The post card arrived on my doorstep a week ago, and I was a little surprised, since every little bit of mail is usually crammed impersonally, and often incorrectly, by our loafer of a mail carrier, who can't sort for crap, into our huge bank of apartment mailboxes. But this one was different, and it was a Sunday delivery, which I have never ever seen in all my 34 years. Something was different about it, all right.

I picked it up with trepidation, my heart slamming in my chest. There was no address, no return post office box, nothing. The front of the post card glowed a bright neon pink, like those stupid plastic bracelets I used to wear in middle school. Yeeech! I thought, and nearly dropped it in disgust. But part of me was intrigued.

Touch this to your enemy, and you will live happily ever after! What on earth? At the bottom was a line of fine print: Look into the pink, and you will smile for the rest of your existence! I cleared my throat of the sick phlegm that had dripped down from my stuffed-up nasal passages.

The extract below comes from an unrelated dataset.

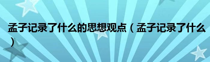 大家好,小晋来为大家解答以下问题,关于孟子记录了什么的思想观点,孟子记录了什么很多人还不知道,今天让我们一起来看看吧!

A quick flash of anger sliced through me like a lightening bolt. Damn him! I thought. I remembered, and cursed him. "Behind every great man is a woman!" he said, and coughed over my lab computer screen.

I dragged myself into the classroom two days later, still reeling from the fever. I was an hour early, so I was surprised he'd still beaten me there. No one else had, however.

"Good evening, Elizabeth!" he said.

"Hello, I have something for you!" I said, handing him the card.

"For me?" he said, and reached for it. The second the card touched his calloused hand, he was gone. There were no sparkly transporter effects a la Star Trek. There was no fading into nothingness. Just boom! Gone. The card drifted to the ground like a piece of down fluff.

I bent over to pick it up, and drew my hand back from its shiny neon pink surface. It rippled for a moment and then something formed gradually, almost like a Polariod. Purple waves splashed over the side of a boat that was heaving in an ocean that reminded me of the crab boating promo I'd seen of a show on the Discovery Channel.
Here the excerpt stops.